The big picture: That assassination in Washington of an exiled Chilean diplomat laid bare the brutality of Pinochet's regime to U.S. government officials, some of whom, including former U.S. Secretary of State Henry Kissinger, had facilitated the coup that resulted in Pinochet coming to power.

  • Kissinger died last week.

Details: The National Security Archive, an independent, non-profit investigative journalism center at George Washington University that seeks to declassify U.S. documents, released notes written by Michael Townley last month.

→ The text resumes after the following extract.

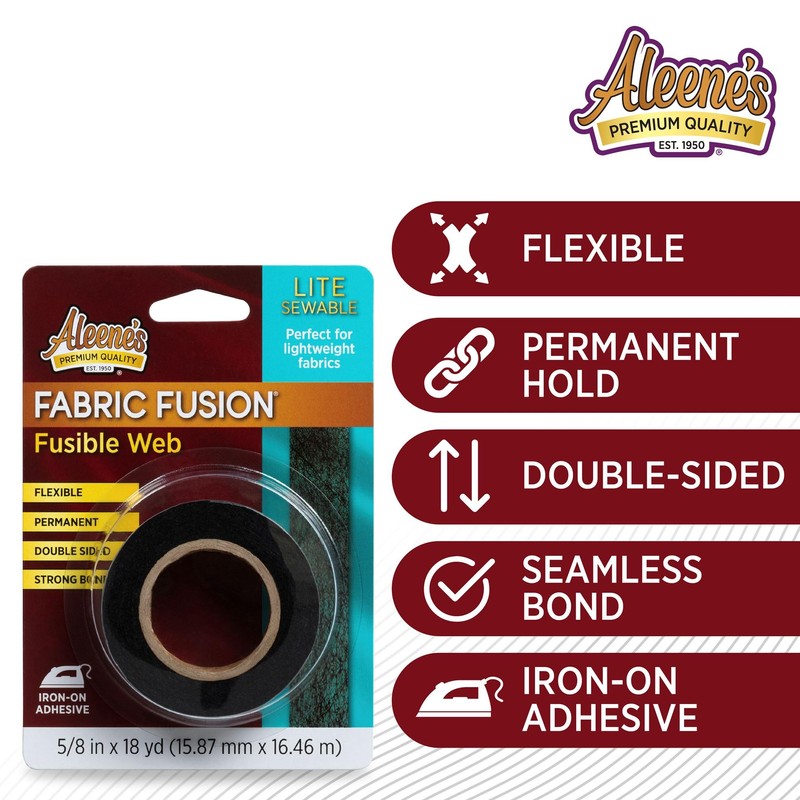 - Includes (1) 5/8 in x 18 yd roll of AleeneFabric Fusion Lite Fusible Web (Black)

Townley was born in the U.S.

  • They show that as a member of Chile's Dirección de Inteligencia Nacional, known as DINA, Townley used nerve gas to murder Chileans and participated in one of the most notorious attacks of terror on U.S. soil.
  • Documents reveal Townley plotted the assassination of former Chilean foreign minister Orlando Letelier, who died in the car bombing on Sept. 21, 1976. Letelier's colleague, 25-year-old Ronni Karpen Moffitt, was also killed in the explosion.
  • According to the notes, Townley said he received orders to assassinate Letelier from a Chilean military and DINA operative, and he recruited anti-Fidel Castro Cuban Americans to carry out the murder.

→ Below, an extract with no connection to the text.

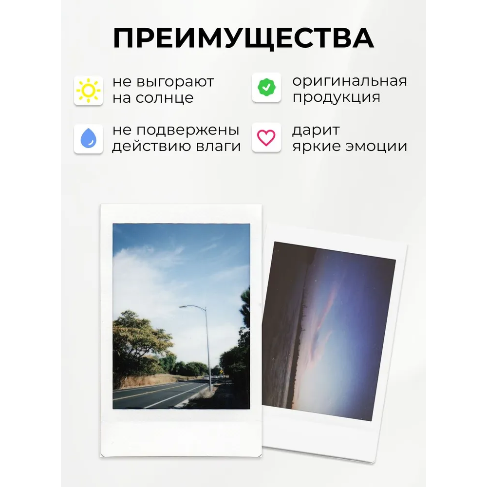 Также совместим с камерами моментальной печати Fujifilm Instax Mini, камерой Polaroid PIC300, принтером Fujifilm Instax SHARE SP-1, Fujifilm Instax SHARE SP-2, камерой Leica Sofort и фотокамерами LomoInstant Mini.
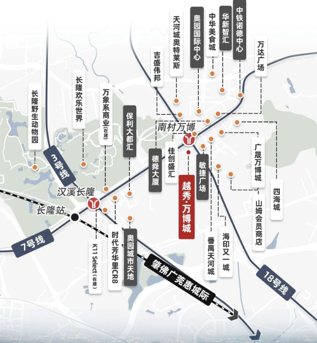 项目周边有地铁7和18号线交汇的南村万博站,不过目前在售的组团比较靠近锦绣香江,不靠主干道和地铁,步行至南村万博约1.3公里。不过未来社区会设置便民车接驳到地铁站。

In another batch of documents, Townley writes about worrying that the Chilean government may kill him rather than turn him over to the FBI for the Letelier and Moffitt killings.

  • The Pinochet regime did turn Townley over to the FBI on April 8, 1978, and soon after he pleaded guilty.
  • Townley served 62 months in prison after his 1979 sentencing.

Context: Chile was one of several countries the U.S. saw as crucial during the Cold War to halt the spread of leftist governments as the U.S. was embattled in the Vietnam War.

  • The U.S. helped overthrow democratically-elected President Salvador Allende, a leftist who died during a Sept. 11, 1973, coup d'état, paving the way for Pinochet's rise to power.
  • The U.S. State Department in August released two formerly top-secret documents that shed light on how former President Richard Nixon was kept in the loop on details of the coup as it unfolded.
  • Chileans in September commemorated the 50-year mark since Pinochet came to power.

What they're saying: The Townley documents' release was the first time that his four-year career as a DINA assassin was "reproduced in full and published together," the National Security Archive said.

  • Parts of his confessions have appeared in books and articles as researchers and reporters gained access to Chile's judicial files over the years, but not in full, the center said.